Проболтавшись все воскресенье флюгером на ветрах своих сомнений и опасений, утром в понедельник Тэтэ, раздираемый соблазном и страхом, все же уступил страху разоблачения и возмездия. Сунув в "дипломат" бейсболку, которую предстояло возвратить Персу, он поплелся в школу. Ощущения у него при этом были такие, будто он уносит из дома родное существо – щенка, например, которого собирается продать на Птичьем рынке или просто выбросить на улицу. Хорошо хоть, что шагавший рядом Венька не задавал лишних вопросов и вообще помалкивал, безуспешно пытаясь разжать челюсти, склеенные ириской "Золотой ключик".

На перемене после первого урока Перс догнал Тэтэ в коридоре и, дохнув ему в ухо жарким нетерпением, спросил: "Принес?". – "Нет…". – "Почему?..". Толик сглотнул слюну, посмотрел на паркет у себя под ногами, поднял голову и ответил: "Сегодня не получилось. Завтра принесу". "А, ну хорошо, –  легко согласился Перс. – Пусть будет завтра. Мы как раз в конце недели с этим пацаном из ГДР должны встретиться, так что завтра, Анатоль, жду от тебя обещанных "железок". Кстати, а ремешок – вот он!.. (Перс распахнул пиджак и похлопал себя по талии). Как только принесешь мне "железки", сразу сниму и отдам тебе ремень". – "Штаны не свалятся?". – "Не свалятся! Они у меня точно по размеру". Плоская черная змея в стальном ошейнике на поясе у Перса равнодушно смотрела на Тэтэ двумя рядами пустых глазниц, сводящих мальчишек с ума. Завтра и этот шикарный ремень будет собственностью Толика.

Ника сидела на уроках необычно хмурая, словно чем-то огорченная. На следующей перемене Тэтэ выдернул ее из толпы девчонок. "Привет, Ника! Ты чего такая мрачная?". – "Так, ничего особенного". – "А чего в субботу с дачи сбежала?". – "Потому что этот скот Перстнев стал меня руками хватать". – "Как хватать?..". – "Как-как… Не знаешь, что ли, как девушек хватают? Лапать он меня стал". – "А… ты что?". – "Вырвалась, треснула ему по морде и ушла". – "Ну, и падаль же он!.. Вот падаль, а!. Что ж ты меня не позвала?!". – "Тебе, как я помню, не до этого было. Ты увлекательную киноленту смотрел". – "Ника, ну, зачем ты так?.. Как будто мы… не друзья с тобой больше… Еще раз полезет, скажи мне, ладно? Я ему глаза и уши местами поменяю!". – "Не полезет, не беспокойся. Он сегодня извиняться пытался". – "А ты?..". – "Что ты заладил: "А ты? А ты?"… Сказала, что извиняю, но на дачу больше не приду.

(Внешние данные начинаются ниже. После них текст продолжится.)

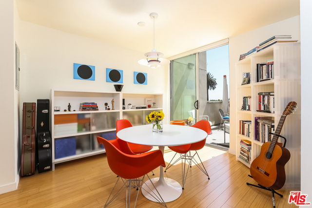 Modern, light-filled, top-floor loft with 19-foot ceilings and soaring skylight windows. Located in heart of SM's high-tech, medical, entertainment corridor. Unit features Ocean View balcony, high-end Boffi kitchen cabinets with Caesarstone countertops, stainless-steel appliances, custom-designed bathroom sinks/cabinets. Custom electric blinds, professional built-in closets, security system, video intercom system, key fob entry to building, DIRECTV-ready and cable prewired. Den can be converted to second bedroom. Bonus side-by-side parking next to elevator. Bosch W/D in unit. Design Within Reach furnishings also available for purchase.

И вообще никуда с ним больше не пойду. Пусть ищет себе других подруг с потерей сопротивления… Да и тебе, Толик, советую держаться от него подальше. Гадкий он все-таки тип". – "А тогда в парке ты совсем другое говорила… Помнишь, в ноябре, когда мы с тобой на скамейке сидели?.. Ты тогда убеждала меня, что он хороший, защищала его. А теперь вот…". – "Значит, был прав ты, а не я. В самом деле: будь с ним осторожнее. Он тебя может втянуть в какую-нибудь нехорошую авантюру. От него всего ждать можно".

Внутренне Тэтэ признавал правоту ее слов. Его самого начинала тяготить та зависимость от Перса, которая с каждым днем, с каждой неделей проявляла себя все сильнее, все теснее оплетала Толика, незаметно, но неуклонно подчиняя его власти Перса и превращая в очередного оруженосца вроде Кола. Прежде, если бы Толик услышал, что Перс хотя бы пальцем тронул Нику, тут же взгрыз бы ему его холеную глотку. А сейчас… А что, собственно, сейчас? Ведь еще ничего не поздно поправить. Ника права: надо послать его подальше и впредь не связываться с ним. Но это было проще сказать, чем сделать. Единожды попавшись на крючок великого соблазна, очень трудно соскочить с него. И тем же вечером Толик, дождавшись, когда родители лягут спать, включил ночник в своей комнате и открыл шкаф, где висел дедов полковничий китель. После похорон вещи деда – рубашки, костюмы, обувь – постепенно покинули комнату, ставшую вотчиной Тэтэ: что-то мать раздала соседям, что-то досталось отцу. Остался лишь китель. Обернутый саваном простыни он занимал место в самом углу платяного шкафа. А прямо над кителем, в углу полки для свитеров, притаилась засунутая туда Толиком бейсболка "Нью-Йорк Янкиз".

Раньше мать Толика несколько раз в год чистила китель, а весной и летом, сняв с кителя награды, вывешила его на балкон – проветриться и прожариться на солнце. Но это было раньше, когда дед был жив и часто надевал китель – на торжественные мероприятия, на 9 мая или куда еще. Может, сейчас, когда деда нет, китель не будут трогать, и никто ничего не заметит?.. Толик размотал простыню. Тяжелые гроздья медалей посверкивали на левой стороне кителя. Справа выстроились ордена. Толик, склонившись и шевеля губами, осматривал этот строй, как генерал – солдат и офицеров на плацу. Орден Александра Невского, Орден Отечественной войны I и II степени, два ордена Красной Звезды. Хорошо, что две Красные Звезды. Одну он возьмет, другая останется. Теперь – медали. С ними проще. Вон их тут сколько: "За боевые заслуги", "За победу над Германией в Великой Отечественной войне 1941-1945 гг.", "За взятие Берлина", "За освобождение Варшавы", еще, еще какая-то, а "За отвагу" – целых три. Одну из них и снимем – ту, что с краю… М-да, все равно пустота в этом месте слишком бросается в глаза. Значит, придется перевесить медали, подтянуть нижние ряды, замаскировать брешь, чтобы никто не заметил потери бойца…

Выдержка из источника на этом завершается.